Pub Date : 2023-01-01 DOI: 10.12703/r/12-10
Erica Jennison, Christopher D Byrne

This brief review focuses on two contentious issues within the field of non-alcoholic fatty liver disease (NAFLD); the first is the recent effort to redefine NAFLD as metabolic (dysfunction)-associated fatty liver disease (MAFLD). The modification of "NAFLD" to "MAFLD" is expected to highlight the role of metabolic factors in the disease aetiology, which is hoped to improve patient understanding of the disease, facilitate patient-physician communication and highlight the importance of public health interventions in prevention and management. The diagnostic criteria for MAFLD allow it to coexist with other forms of liver disease, which recognises that metabolic dysfunction contributes towards disease progression in other liver pathologies, such as alcoholic liver disease. However, there remain concerns that renaming NAFLD may be premature without fully considering the broader implications, from diagnostic criteria to trial endpoints; therefore, the new definition has not yet been accepted by major societies. Another contentious issue within the field is the gap in our understanding of how patients undergoing therapeutic interventions should be monitored to assess amelioration/attenuation or the worsening of their liver disease. Biomarker scoring systems (such as the ELF test and FIB-4 test) and imaging techniques (such as transient elastography [TE] and magnetic resonance imaging [MRI] techniques) are proven to be reasonably accurate, and comparable with histology, in the diagnosis of NAFLD and evaluation of disease severity; however, their use in monitoring the response of disease to therapeutic interventions is not well established. Whilst biomarker scoring systems and TE are limited by poor diagnostic accuracy in detecting moderate fibrosis (e.g. F2 liver fibrosis defined by histology), more accurate MRI techniques are not practical for routine patient follow-up due to their expense and limited availability. More work is required to determine the most appropriate method by which therapeutic interventions for NAFLD should be monitored in clinical practice.

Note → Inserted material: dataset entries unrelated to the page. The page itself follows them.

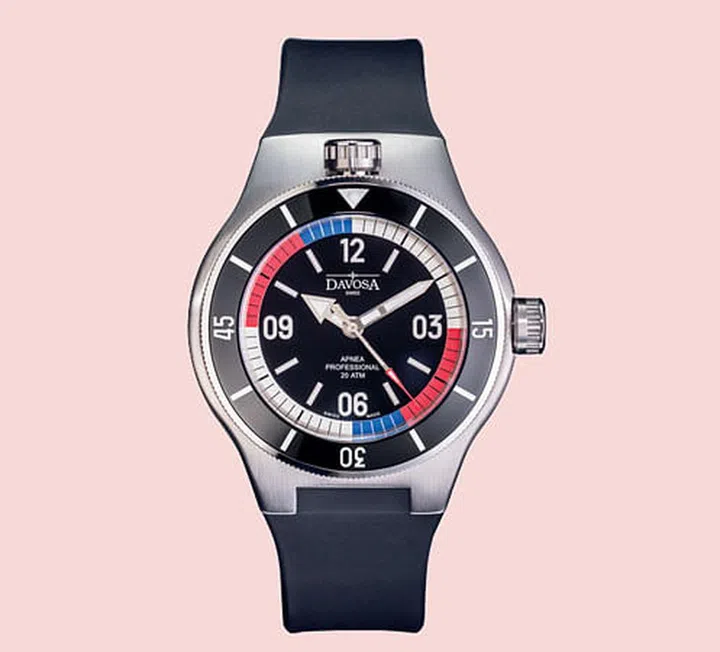Sporty men will love the Davosa Apnea Diver Automatic (from $1,650). The Swiss-made timepiece is up for the extreme challenges of diving – it is watertight up to 20 ATM (a depth of roughly 200m) – and has a case that can be unscrewed and raised for easy viewing underwater.
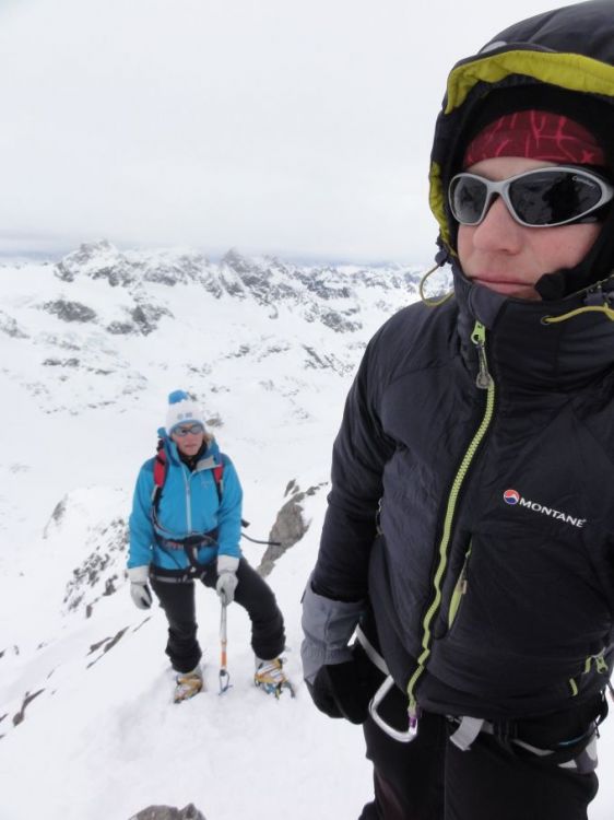 Smo z Alenko in Janjo kar na predvrhu počakali naskočno navezo v izogib drenjanju in jahanju grebena- se hitro razvadiš in ne rineš vedno do konca. Aha, punci tokrat ne predeta!
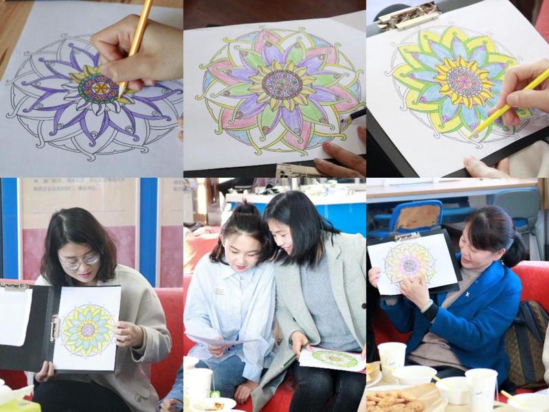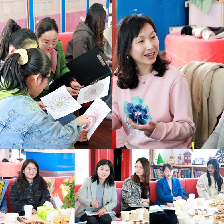 活动伊始,陈瑜带领大家进行写意曼陀罗绘画的体验活动。此活动不仅可以帮助绘画者了解自我、回归个性,也可以帮助舒缓压力、释放情绪。在陈瑜的指导下,师生们伴随着轻松的音乐、美味的茶点,进行曼陀罗绘画。绘画结束后,大家纷纷展示和分享自己创作的理念。
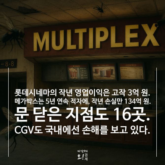 지난해 롯데시네마 영업이익은 3억원에 그쳤고 메가박스는 134억원 적자를 내며 5년 연속 적자를 이어갔다.
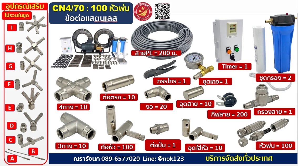 ชุดพ่นหมอกแรงดันสูง 100 หัวพ่น ข้อต่อแสตนเลส จัดครบชุด
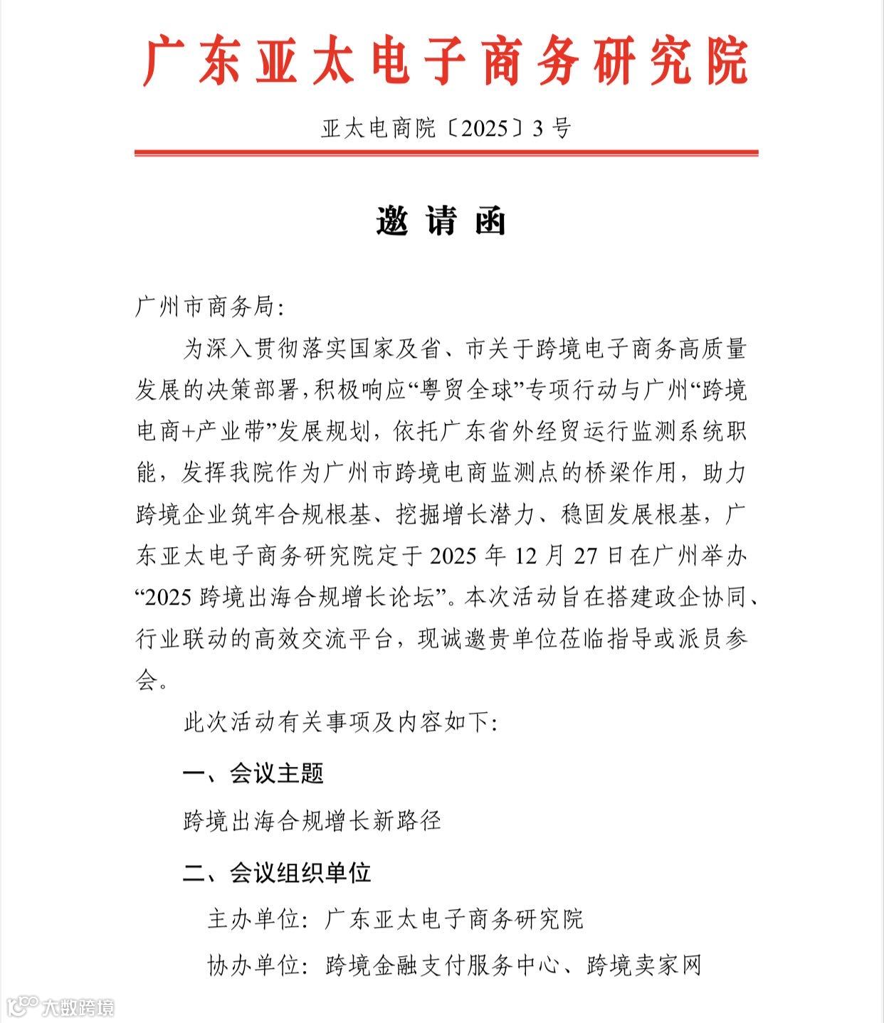 为深入贯彻落实国家及省、市关于跨境电子商务高质量发展的决策部署,积极响应“粤贸全球”专项行动,充分发挥广东亚太电子商务研究院作为广东省商务厅跨境电商监测点的桥梁纽带作用,助力跨境企业筑牢合规根基、挖掘增长潜力,推动行业高质量发展,由我院主办的“2026跨境出海合规增长论坛”(作为“2025大湾区物流与供应链学术年会”分论坛)定于2025年12月27日在广州南沙隆重举办。
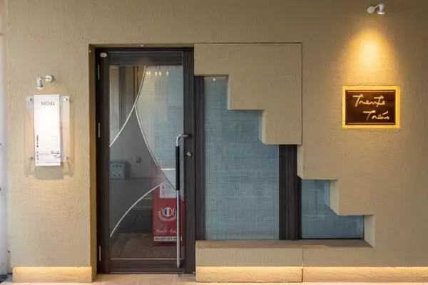 千葉駅で下車し、繁華街を抜けて歩くこと5分、飲食店がひしめくこの地域のビルの2階にあるのが【トラント・トロワ】です。2019年に創業したこちらのお店では、フランスのミシュラン三つ星店で修業を積んだシェフが腕を振るう本格的なフランス料理を楽しむことができます。
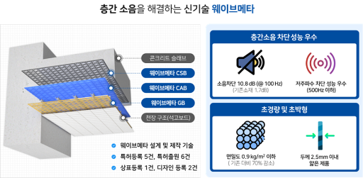 특히 천장형 제품은 올 하반기부터 주요 건설사 500세대 이상 시공을 눈앞에 두고 있어 웨이브메타 기반 소음해결의 대표적인 기술기업으로 인정받고 있다. 최근 중국시장에서 글로벌혁신센터(KIC)의 지원을 받았으며, 올 5월 중순에는 대한민국 프리미어 1000+기업에 선정되어 특허청을 비롯해 다양한 정부 지원을 받아 글로벌 성과 창출이 더욱 기대되고 있다.
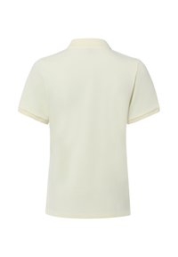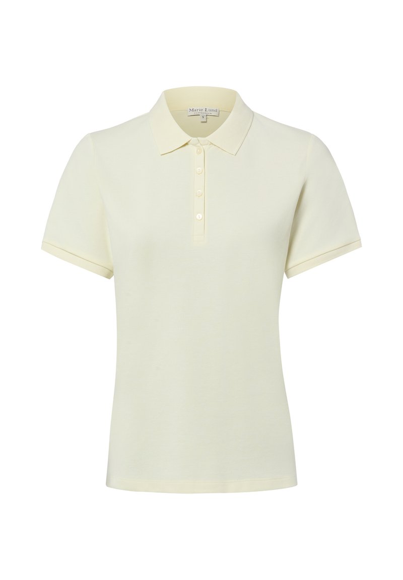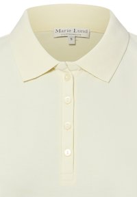 Polo crème à manches courtes avec col et quatre boutons sur la patte, taille petite.
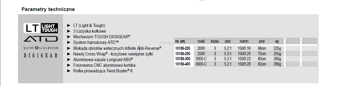 Konstrukcja LT pozwala na użycie mniejszych korpusów kołowrotków w
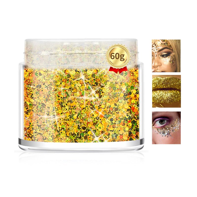 Morovan Holographic Golden Body Glitter 2oz/60g Face Glitter Hair Glitter Cosmetic Grade Chunky Glitter Makeup Festival Body Glitter Rave Glitter Eyeshadow& Lip Gloss& Resin& Nails Glitter
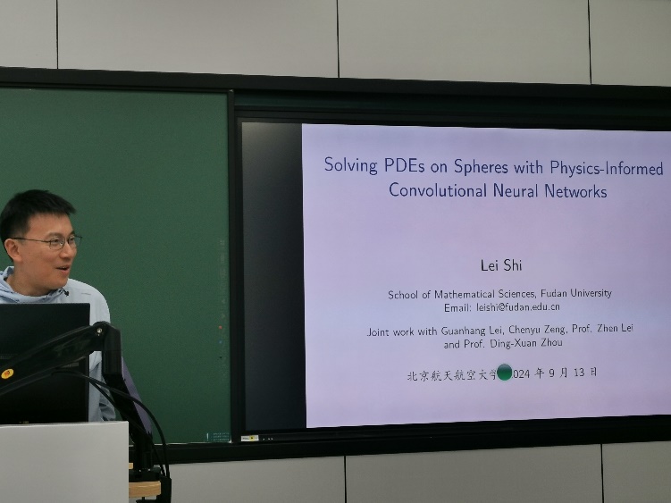 石磊教授的报告题目为“Solving PDEs on Spheres with Physics-Informed Convolutional Neural Networks”。物理信息神经网络(PINNs)已被证明是有效的求解偏微分方程(PDEs)从各种实验的角度,最近的一些研究也提出了球面上偏微分方程的PINN算法,然而对pinn特别是在球面或流形上的数值表现的理论分析仍然缺乏。石教授在报告中介绍了他与合作者的工作,特别是建立了对求解球面上偏微分方程的物理信息卷积神经网络(PICNN)的严格分析,通过利用深度卷积神经网络和球调和分析的最新逼近结果,证明了相对于Sobolev范数的逼近误差的一个上界。进一步将其与创新的定位复杂性分析相结合,以建立PICNN的快速收敛速度。理论结果得到了数值实验的验证。

本文简要回顾了非酒精性脂肪性肝病(NAFLD)领域的两个有争议的问题;首先是最近将NAFLD重新定义为代谢(功能障碍)相关脂肪性肝病(MAFLD)。将“NAFLD”修改为“MAFLD”有望突出代谢因素在疾病病因学中的作用,从而希望提高患者对疾病的了解,促进医患沟通,并突出公共卫生干预在预防和管理中的重要性。MAFLD的诊断标准允许其与其他形式的肝脏疾病共存,这承认代谢功能障碍有助于其他肝脏病理(如酒精性肝病)的疾病进展。然而,人们仍然担心,在没有充分考虑从诊断标准到试验终点的更广泛影响的情况下,重命名NAFLD可能为时过早;因此,新的定义尚未被主要社会所接受。该领域另一个有争议的问题是,我们对如何监测接受治疗干预的患者以评估其肝病的改善/衰减或恶化的理解存在差距。生物标志物评分系统(如ELF测试和FIB-4测试)和成像技术(如瞬态弹性成像[TE]和磁共振成像[MRI]技术)被证明在NAFLD的诊断和疾病严重程度评估方面相当准确,并且与组织学相当;然而,它们在监测疾病对治疗干预的反应方面的用途尚未得到很好的确定。虽然生物标志物评分系统和TE在检测中度纤维化(例如由组织学定义的F2肝纤维化)方面的诊断准确性较差,但由于费用和可用性有限,更准确的MRI技术对于常规患者随访并不实用。需要做更多的工作来确定在临床实践中监测NAFLD治疗干预措施的最合适方法。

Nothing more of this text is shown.